Книга эта очень интересна и по авторскому составу, и по проблематике собранных в ней исследований, обогащающих читателя и новым материалом, и вытекающими из него аналитическими решениями. Статьи сборника при всем их разнообразии не выглядят разнородными, лишь механически сведенными под общим переплетом. Во-первых, их объединяет известная согласованность в самых общих принципах изучения стиха, во-вторых, логична и закономерна последовательность статей: от общих проблем национально-языковой специфики и литературного развития стиховых форм к детальному исследованию метрических систем, метро-ритмических композиций и затем отдельных свойств и элементов стиха. Наконец, очень привлекательна «материальная» основательность всех выдвигаемых теоретических положений и предположений, которые непременно базируются на анализе большого, предельно конкретного и тщательно описанного поэтического материала. Особенно фундаментальными в этом смысле являются статьи М. Гаспарова, П. Руднева и впервые опубликованная в сборнике работа Б. Ярхо (публикация М. Гаспарова). Тщательный анализ вполне конкретного поэтического материала не только не уводит от кардинальных стиховедческих проблем, но, напротив, настойчиво обращает читательский взор к тому «огромному количеству вопросов», которое, по справедливому замечанию П. Руднева, «продолжает оставаться дискуссионным» (стр. 107). И высказывая большую признательность авторам и редакторам сборника за данную ими обильную пищу для стиховедческих раздумий, мы хотим в дальнейшем специально остановиться на некоторых принципиальных проблемах, исследование которых в различных разделах книги порой вызывает на спор.

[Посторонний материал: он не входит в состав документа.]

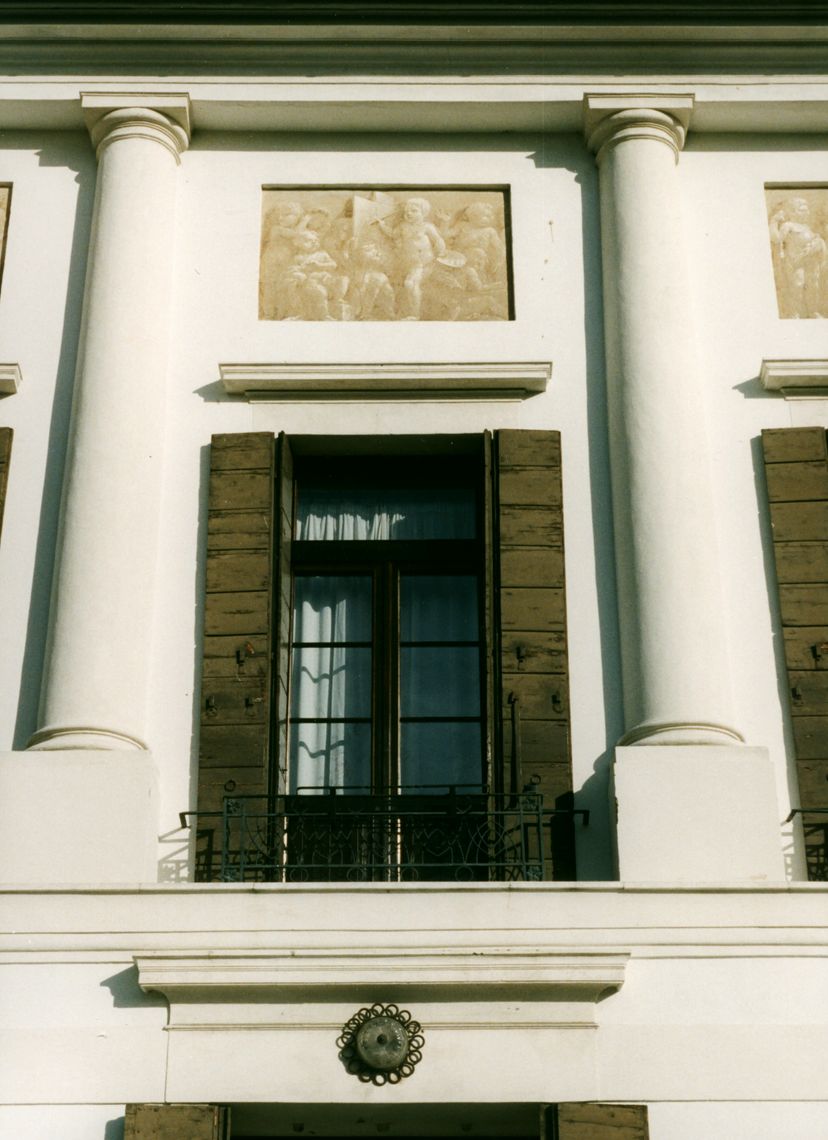 - Descrizione: Tra le quattro semicolonne, sopra le finestre del piano nobile, sono presenti delle specchiature affrescate con scene che esaltano le arti della pittura, della scultura e dell'architettura.

Существенные соображения об особенно интимной связи стиха с национальным языком высказаны в работах В. Жирмунского и В. Холшевникова по сравнительной метрике. В. Жирмунский убедительно показывает, что «при наличии одинаковой метрической модели ямбического стиха» она «в разных языках осуществляется по-разному в зависимости от фонетических свойств соответствующего языкового материала» (стр. 22). К этому, пожалуй, только стоит добавить, что и сама метрическая модель не просто накладывается на материал, который так или иначе ее «исправляет», а постепенно вызревает в историческом стиховом развитии. И обращение к аналогичным образцам иных культур происходит на основе уже имеющихся внутристиховых национальных предпосылок – доказательством тому история русской силлабо-тоники. Поскольку метрическая модель не вносится в стих готовой, но постепенно формируется в нем, она и оказывается изначально связанной с национальной языковой стихией.

Наталкивают на мысль о необходимости более четкого исторического анализа категорий ритма и метра и важные типологические характеристики В. Холшевникова, полученные из сравнительного изучения польского и русского стиха. Так, при всей основательности выделения «интонационно-синтаксического стиха» как «начальной, примитивной формы стихотворной речи»»для многих европейских народов» (стр. 30), едва ли стоит при этом говорить об «интонационно-синтаксической системе стихосложения». Ведь специфическое членение речи на относительно завершенные, приравниваемые и сопоставляемые друг с другом интонационно-синтаксические отрезки – это всеобщее ритмообразующие свойство стиха, и появляясь, оно влечет за собою постепенное прояснение принципа такой соизмеримости, «меры эквивалентности» (Б. В. Томашевский), то есть определенной метрической системы стихосложения. И если главный ритмообразующий принцип стиха действительно является всеобщим и интернациональным, то уже метрообразующие принципы с самого начала – национальны, органически связаны с данной языковой системой и имеют определенную фонологическую базу.

Без поправки на историческое становление метра из предшествующего ему ритмического разнообразия, где есть приравнивание речевых единиц, но еще нет четко определившихся границ их равномерности, стиховое развитие порою предстает в статье В. Холшевникова как статическая смена систем: сначала интонационно-синтаксический стих, потом силлабический и т. д. Конечно, с появлением стиха немедленно появляется и метр, но ведь не сразу как готовая система, а вначале как «динамический принцип», о котором великолепно писал Ю. Тынянов1, и лишь затем – в ходе исторического становления и развития – как конкретная, исторически определенная метрическая модель со столь же определенной системой реализующих ее ритмических вариаций.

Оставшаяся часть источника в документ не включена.